The Driver and Vehicle Licensing Agency (DVLA) has announced it will abolish the paper driving licence counterpart on 8 June 2015 – despite previous plans to scrap it from 1 January.
This means that anyone with a paper driving licence as well as a photocard will be able to dispose of the former, as it will no longer be needed.
Those with just a paper driving licence (issued before 1998) will have them replaced by photocards next time they renew their licence or update their details. They shouldn’t destroy their paper licences just yet – although they will no longer be used for recording endorsements and penalty points.
The announcement has sparked claims that the DVLA was unprepared for the changes, which would require businesses to carry out digital licence checks.
The Freight Transport Association’s director of policy, Karen Dee, said: “We had voiced concerns that the new date would be rushed and would not allow any significant re-development of the systems that businesses were expected to use to carry out critical safety checks on their drivers.”

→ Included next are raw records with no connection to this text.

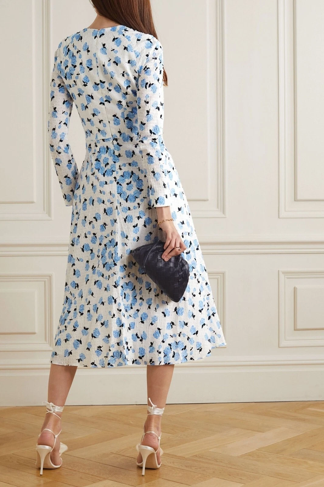 Women’s Floral Midi Dress – Cotton Linen A-Line Sundress with Ruffled Sleeves
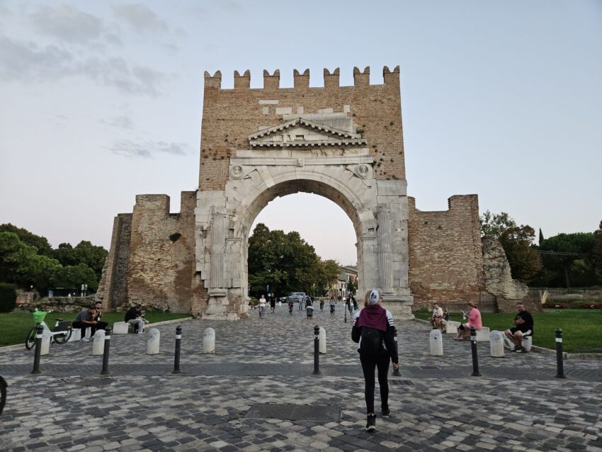 Le soir on visite Rimini, qui possède le plus vieil arc de triomphe romain du monde.
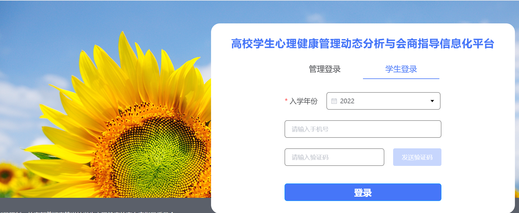 2.點擊“學生登錄”,選擇“入學年份2022”、輸入手機號,點擊“發送驗證碼”,輸入驗證碼后點擊“登錄”進入平臺。
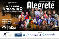 O município de Alegrete será o palco da próxima apresentação do espetáculo O Grande Encontro - Música dos Gaúchos, no dia 25 de abril, às 19h30, no Largo do Centro Cultural Adão Houayek. O evento gratuito irá reunir artistas consagrados da música regional, como Renato Borguetti, Os Fagundes, Wilson Paim, Shana Müller, César Oliveira e Rogério Melo, Daniel Torres, Mauro Moraes, entre outros.
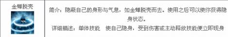 金蝉脱壳的技能是最为猥琐的技能,没有之一,原因在于天山想隐身多久,就可以隐身多久,除非在受到攻击或者主动攻击才会现身。
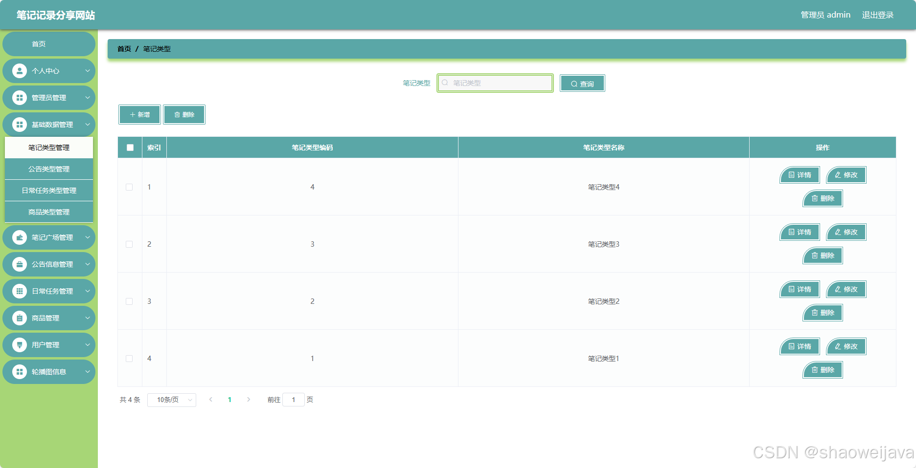 376.基于SpringBoot的笔记记录分享网站,系统包含两种角色:管理员、用户,系统分为前台和后台两大模块,主要功能如下。

Under the new system, drivers will be able to access information about their licence (such as what they’re allowed to drive, and any endorsements they might have) online – as will anyone with a legitimate reason to see it, such as employers or car hire companies.
Dee added: “Today’s announcement demonstrates that ministers have listened to industry’s concerns, and we look forward to working with the DVLA to develop a system which is fit for purpose.”
The move follows the DVLA’s plan to streamline its service, and comes after paper tax discs were scrapped earlier this year.